Magnus suspects these numbers are low because some doctors may be unwilling to admit discrimination. He has not yet investigated whether new state laws have affected doctors’ likelihood of discriminating against disabled patients.
But Magnus doubts that laws like Montana’s bill will be enforceable. Part of determining a patient’s eligibility for a transplant is whether he or a caretaker can meet post-transplant requirements, such as reminders to take immunosuppressive drugs. If a person with a disability cannot meet these criteria, that person may not be a good candidate.
“All of these are terribly difficult judgments,” said Magnus.
Transplant surgeons need to maximize the limited supply of organs and ensure that they survive on the patients who receive them. If not, “it takes an organ from someone who could have benefited,” said Dr. Marwan Abouljoud, President of the American Society of Transplant Surgeons.
Abouljoud said institutions have different standards for weighing the importance of intellectual disability when making a transplant decision. Ideally, the committee that determines whether or not to list someone for a transplant will include social workers and behavioral psychologists and program leaders who can find ways to help the person comply.
On February 12, the Society of Transplant Surgeons adopted a new statement supporting non-discrimination and encouraging transplant centers to find ways to support these patients. “We will ask the states to adopt local guidelines on this,” Abouljoud said.
Sam Crane, legal director of the Autistic Self Advocacy Network, which has drafted model laws passed by several states, said some bills – including that of Montana – address concerns about post-transplant care. They prohibit transplant centers from basing their decision solely on a person’s ability to meet post-transplant requirements and require an investigation into sources of support to help the patient achieve compliance.
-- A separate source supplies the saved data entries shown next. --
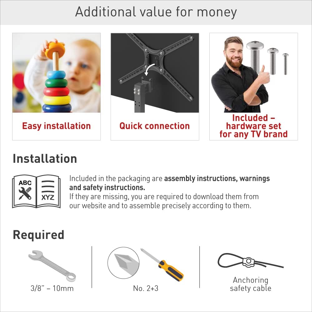 - ► FUNCTIONALITY - To provide a better point of view, the stand has 3 height adjustment options, swivels near the screen connection plate 90° and has a tool-free tilt from 0° till 10°.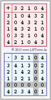 - Die Grafik zeigt die Additions– und die Multiplikationstabelle für diese Zahlenmenge.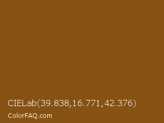 CIELab 39.838,16.771,42.376 Color is a dark orange color and the nearest color is Grizzly #885818. Hex code #865214 and RGB value is rgb(134,82,20). In RGB color space, this color is composed of 53% red, 32% green, 8% blue, In CMYK color space, this color is composed of 0% cyan, 39% magenta, 85% yellow , 47% black , In HSL color space, this color has a hue angle of 33° , 74% saturation and 30% lightness.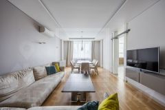 ID 45802. Стильная 3-комнатная квартира в элитном жилом комплексе в районе Сокол. Общая площадь 120 кв. м. Пространство грамотно зонировано: 2 спальни, 2 ванные комнаты, 3 гардеробные, просторная гостиная, изолированная кухня, балкон. Полностью меблирована и оборудована бытовой техникой, дизайнерский ремонт в современном стиле. Итальянская мебель, высококачественная бытовая техника, кондиционирование, бойлер, теплый пол, видеодомофон, встроенные шкафы. Окна во двор. Дом на огороженной охраняемой территории с видеонаблюдением и подземным паркингом. Есть возможность арендовать машино-место. Во дворе гостевая парковка, детские и спортивные площадки. В шаговой доступности Тимирязевский парк, магазины, кафе, торговые центры, школа и детский сад. Можно с детьми. Без животных.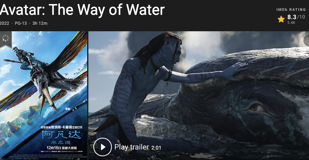 斯皮尔伯格的《大白鲨》,李安的《少年派》,到如今卡梅隆的《水之道》。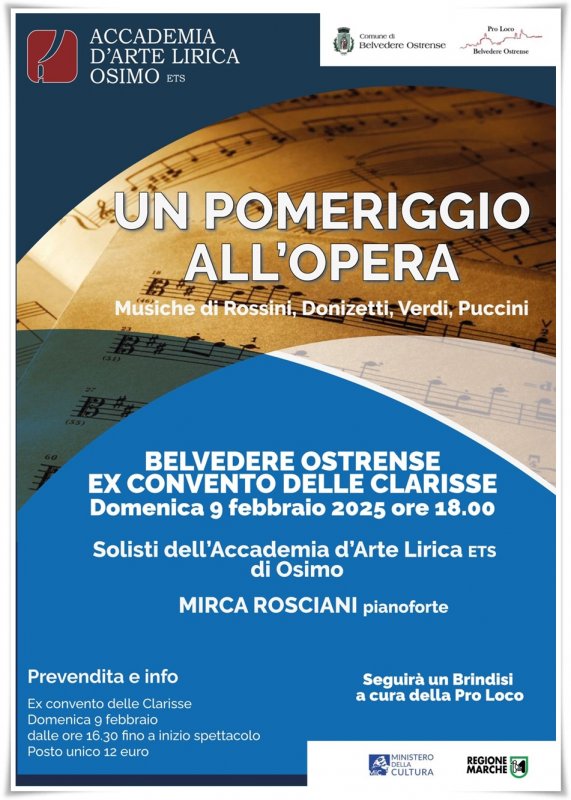 Belvedere Ostrense offre un affascinante concerto vocale, domenica 9 febbraio, alle ore 18.00, nell’ex Convento delle Clarisse: Un pomeriggio all’opera. I solisti dell’Accademia d’Arte Lirica con la pianista Mirca Rosciani eseguiranno arie e duetti tratti dalle pagine più note di Wolfang Amadeus Mozart, Giochino Rossini, Gaetano Donizetti, Vincenzo Bellini, Giuseppe Verdi e Giacomo Puccini, del quale lo scorso anno si è celebrato il centenario della morte.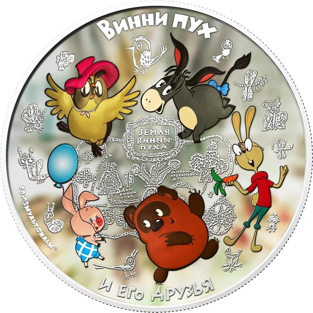 Five Russian Winnie-the-Pooh characters: Eeyore, Rabbit, Pooh, Piglet, Owl.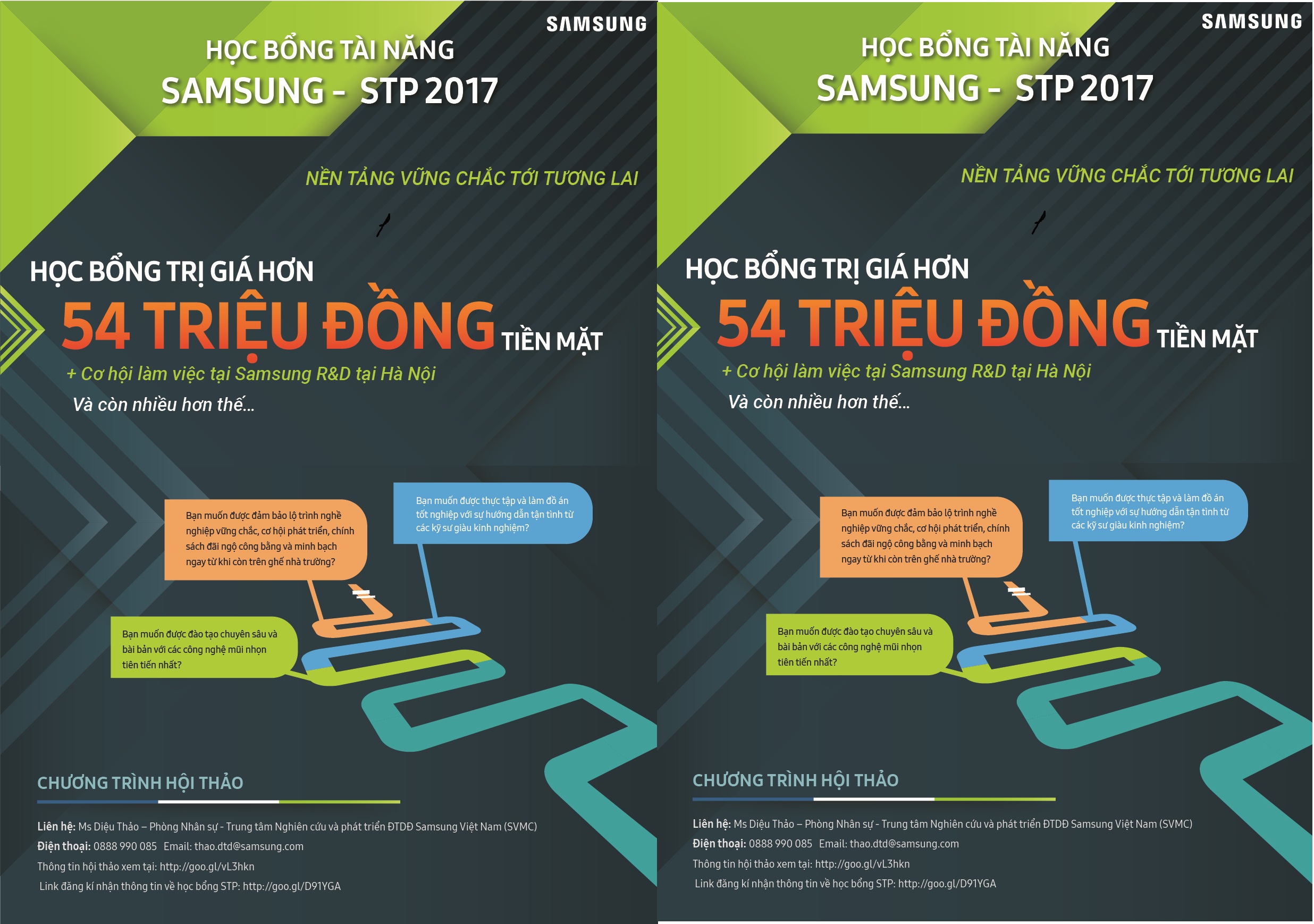 “HỌC BỔNG TÀI NĂNG SAMSUNG – STP 2017” do Khoa CNTT kết hợp cùng Samsung tổ chức đã trở lại. Download file Thông tin chi tiết 1: Thông tin Học bổng tài năng Samsung STP 2017, Download file Thông tin chi tiết 2: Học bổng tài năng...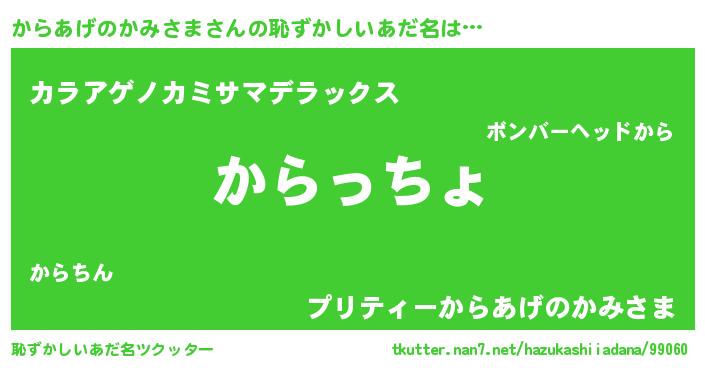 | 意味不明あだ名 | 『からあげのかみさまフォーエバー』 |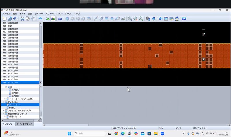 物語システムについては、ミニゲームを作成してもらいましたが、キャラクターと岩との当たり判定が上手く行っていなかったので、持ち帰り案件となってしまいました。次のレッスンまでに私が簡易版のミニゲームを作ってから、レッスン生にこうすればいいんじゃない?という提案になるのかなと考えています。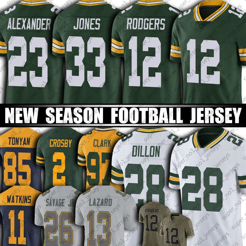 12 Aaron Rodgers Jones Jersey Football Green Bayes Packer Allen Lazard Aj Dillon Jaire Alexander David Bakhtiari Jerseys Mason Crosby Rashan Gary Watson Savage Amos From Super No1 Jerseys 16 6 Dhgate Com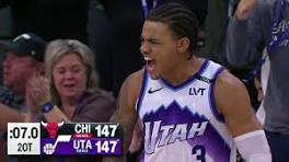 INSANE 2OT ENDING Jazz vs Bulls | November 16, 2025 - YouTube Keyonte George drilled a right-arc three with 0.8 seconds left in double overtime as the Utah Jazz defeated the Chicago Bulls 150–147 in a 2OT ...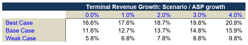 As noted previously, we are cautious around forecasting SSS growth for Mixue stores given the Company’s position as a low-price leader in the category and anticipated growth in lower income geographies. Nonetheless, Mixue does have an opportunity to drive GMV per store growth by introducing new items at higher prices, raising prices on existing items, driving mix shift up in higher income locations, or a combination of these factors. We thus thought it prudent to isolate the impacts of SSS growth relative to the operating scenarios and understand how SSS growth assumptions impacted terminal growth rates and therefore our exit multiple assumptions. We summarize these findings in the following table.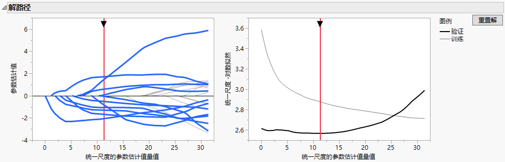 图 7.1 突出显示了非零项的 Lasso 拟合的解路径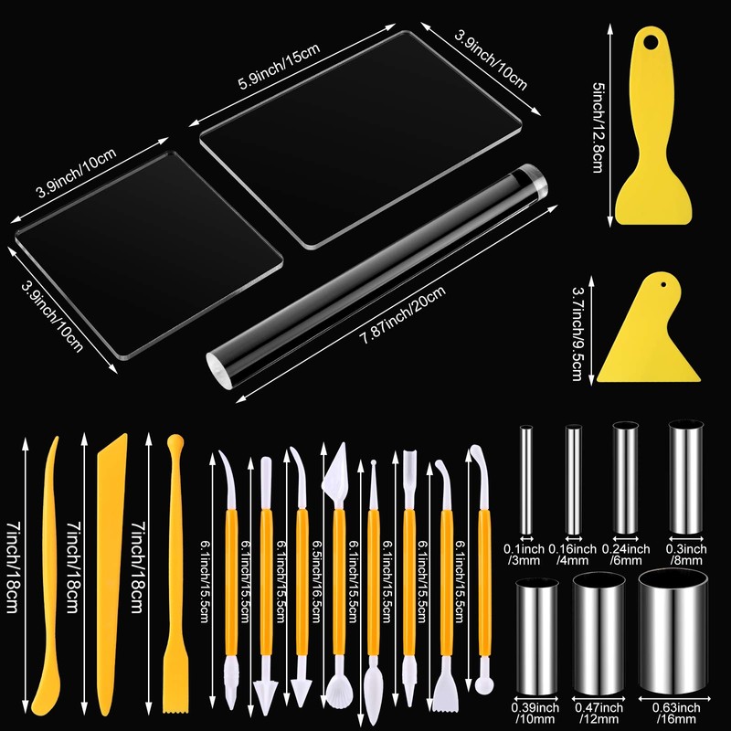 - Durable and reusable: our clay roller is made of acrylic, the clay roller and backing board are smooth and non-stick in surface, easy to clean, solid in cylinder shape, the clear design will not obstruct your view when you roll clay into the sheet; This scraper backing board is made of quality plastic, tough and sturdy enough, convenient to hang with hanging hole design on the handle, saving space for you; The clay modeling tools are made of wood, also tough and reliable to use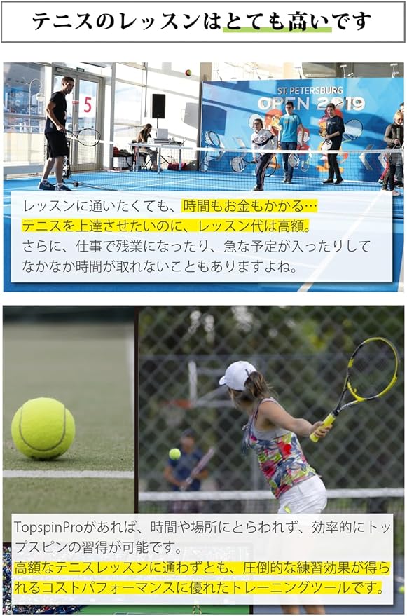 ⭕【TopSpinProのメリット】TopSpinProを使用すると、プロが打つ正しいトップスピンのフォームを覚えることができる。トップスピンを覚えると、・深いボールが打ちやすくなる。 ・相手から浅いボールを引き出しやすくなる。 ・主導権を取れるようになる。 ・どんな体勢でも手首で安全なボールを返すことが出来る。 テニスレッスン費以上の投資効果が期待できます。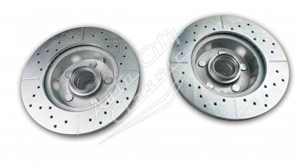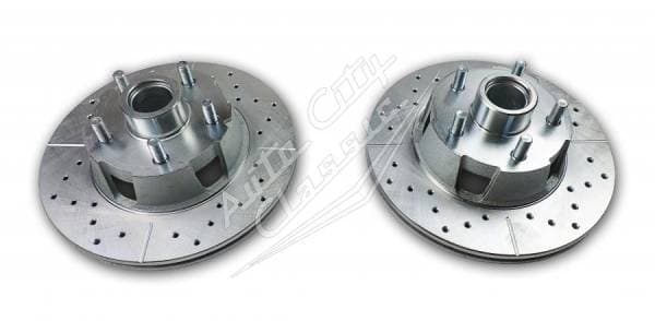 Replacement factory V8 drilled and slotted rotors with anti rust zinc coating for 64-67 Ford and Mercury models.

But Crane said doctors could still find an excuse to avoid adding a disabled person to the transplant list if they believe that a person without a disability would benefit more from receiving an organ.
“It is very difficult to prove discrimination in such a situation,” she said.
Although a similar anti-discrimination law has been passed in the US House of Representatives, proponents prefer to focus on state laws, according to Crane. Organizations like the Autism Group have argued that the ADA and other federal laws already prohibit this type of discrimination, making federal legislation unnecessary. Gallegos added that states can also enact stricter requirements than the federal government and adapt them to their specific medical systems.
Under state law, patients can seek an injunction or an injunction in local courts. These hearings can be done quickly so a judge can decide whether to force a facility to add a person to the transplant list.
Jayci Dalrymple hopes Griffin’s Law will get that speed. “If you need to stop discrimination, run the clock,” she said.